#### [Task brief]
Your job with the data below is to output exactly the lines from the one holding "Вы можете приобрести" down to the one holding "Este design apresenta", both included, and no others.

#### [Data extracts]
———

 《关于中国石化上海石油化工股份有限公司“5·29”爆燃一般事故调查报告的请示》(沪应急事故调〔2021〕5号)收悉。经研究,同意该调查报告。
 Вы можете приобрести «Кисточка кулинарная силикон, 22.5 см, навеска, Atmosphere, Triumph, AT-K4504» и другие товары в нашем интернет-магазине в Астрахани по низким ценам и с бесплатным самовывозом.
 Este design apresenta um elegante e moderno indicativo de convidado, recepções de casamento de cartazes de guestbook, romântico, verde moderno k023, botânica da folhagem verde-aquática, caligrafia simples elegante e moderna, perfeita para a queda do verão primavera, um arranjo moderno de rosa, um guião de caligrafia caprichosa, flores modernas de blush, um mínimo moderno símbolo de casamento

———

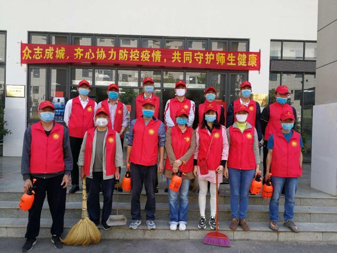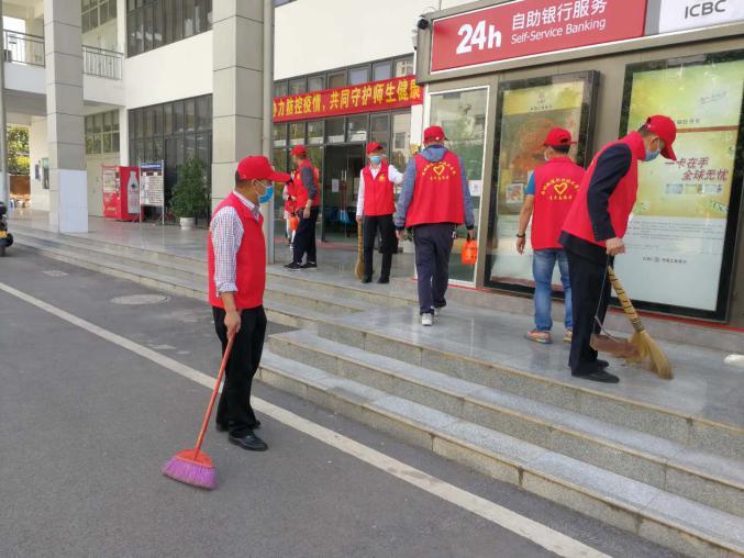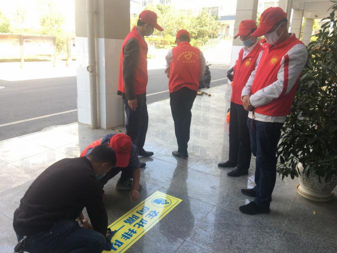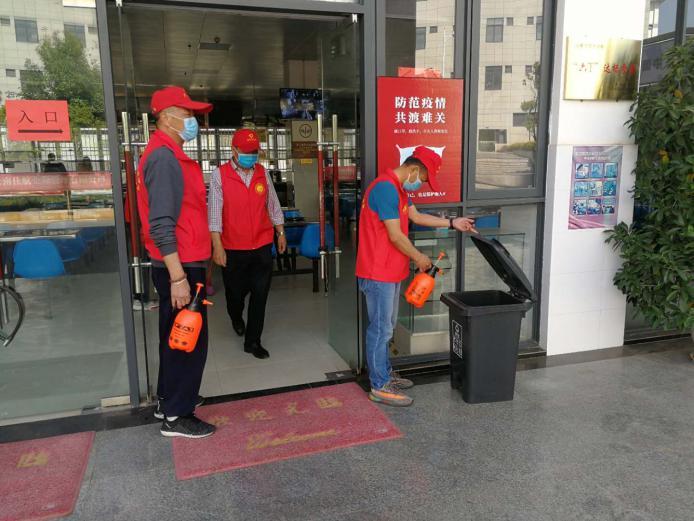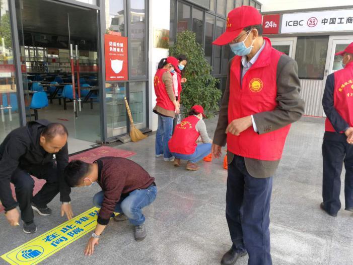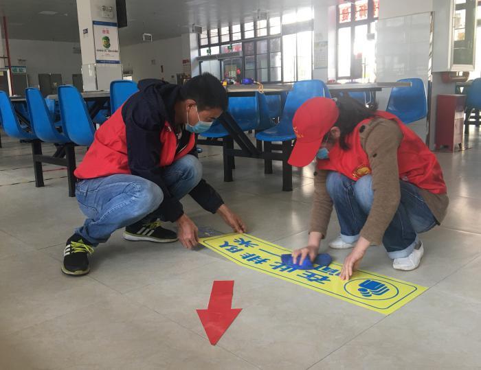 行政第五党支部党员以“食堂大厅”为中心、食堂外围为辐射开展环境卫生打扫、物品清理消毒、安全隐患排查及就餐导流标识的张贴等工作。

———

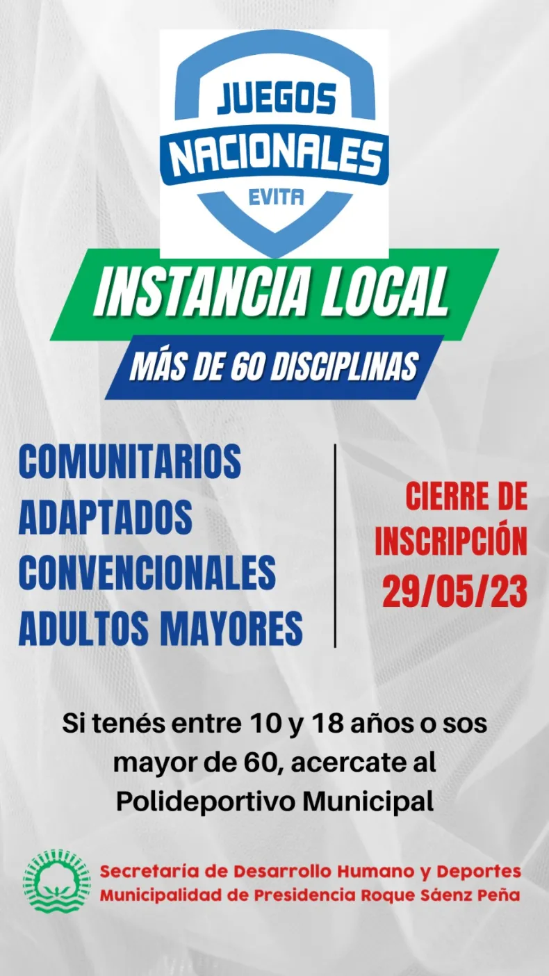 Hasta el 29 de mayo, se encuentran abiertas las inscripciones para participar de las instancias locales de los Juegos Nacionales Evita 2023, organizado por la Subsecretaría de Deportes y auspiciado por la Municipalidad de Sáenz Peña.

———

#### [The completed task]
 Вы можете приобрести «Кисточка кулинарная силикон, 22.5 см, навеска, Atmosphere, Triumph, AT-K4504» и другие товары в нашем интернет-магазине в Астрахани по низким ценам и с бесплатным самовывозом.
 Este design apresenta um elegante e moderno indicativo de convidado, recepções de casamento de cartazes de guestbook, romântico, verde moderno k023, botânica da folhagem verde-aquática, caligrafia simples elegante e moderna, perfeita para a queda do verão primavera, um arranjo moderno de rosa, um guião de caligrafia caprichosa, flores modernas de blush, um mínimo moderno símbolo de casamento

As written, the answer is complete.